See the twine? Salt and pepper to taste. OK, into the oven at 325*F for 90 minutes.
While the roast is cooking, prepare the crust. 1/3 cup bread crumbs. A couple nice springs for fresh parsley, cut up. A Teaspoon of dried rosemary. I also added in some chopped shallots.
When I took the roast out, I decided to cut the twice so I didn't muss the crust. I left it on last time. I'll leave it on next time too. The roast wanted to slide off it's ribs once I cut it. Don't worry about the crust. You're gonna muss it when you slice anyways. :) Live and learn.
Coat the roast in Dijon Mustard. It took a good 2 or 3 Tablespoons of mustard. Dab it all over.

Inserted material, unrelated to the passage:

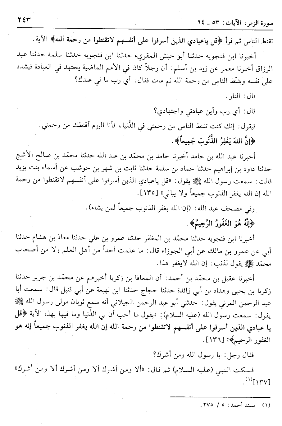 أخبرنا عبد الله بن حامد أخبرنا حامد بن محمّد بن عبد الله حدثنا محمّد بن صالح الأشج حدثنا داود بن إبراهيم حدثنا حماد بن سلمة حدثنا ثابت بن شهر بن حوشب عن أسماء بنت يزيد قالت: سمعت رسول الله صلى الله عليه وسلم يقول: «قُلْ يا عِبادِيَ الَّذِينَ أَسْرَفُوا عَلى أَنْفُسِهِمْ لا تَقْنَطُوا مِنْ رَحْمَةِ اللَّهِ إِنَّ اللَّهَ يَغْفِرُ الذُّنُوبَ جَمِيعاً ولا يبالي» [135] .

Pat the bread crumb mixture onto the mustard.
Back into the oven for a while more. You want to roast until it reaches an internal temperature of 145*F. Mine was about 6.5 lbs and took an additional 90 minutes.
Once 145*F has been reached, checked with an instant thermometer, remove from oven and allow the roast to rest for 10 - 15 minutes before slicing.
I lifted the roast away from the ribs, placing it onto the serving platter. No, the ribs didn't go to waste. :) They were a special treat for hubby! Ribs are Yummy!
I used my trusty electric carving knife and sliced into slices about 1/2 - 3/4 inch thick. Remember, this is prime rib, the slices are fairly large, even if you cut them thin. You can see here, in the center, Medium Rare. Perfect! The edge slices were a bit more done. Choices for everyone!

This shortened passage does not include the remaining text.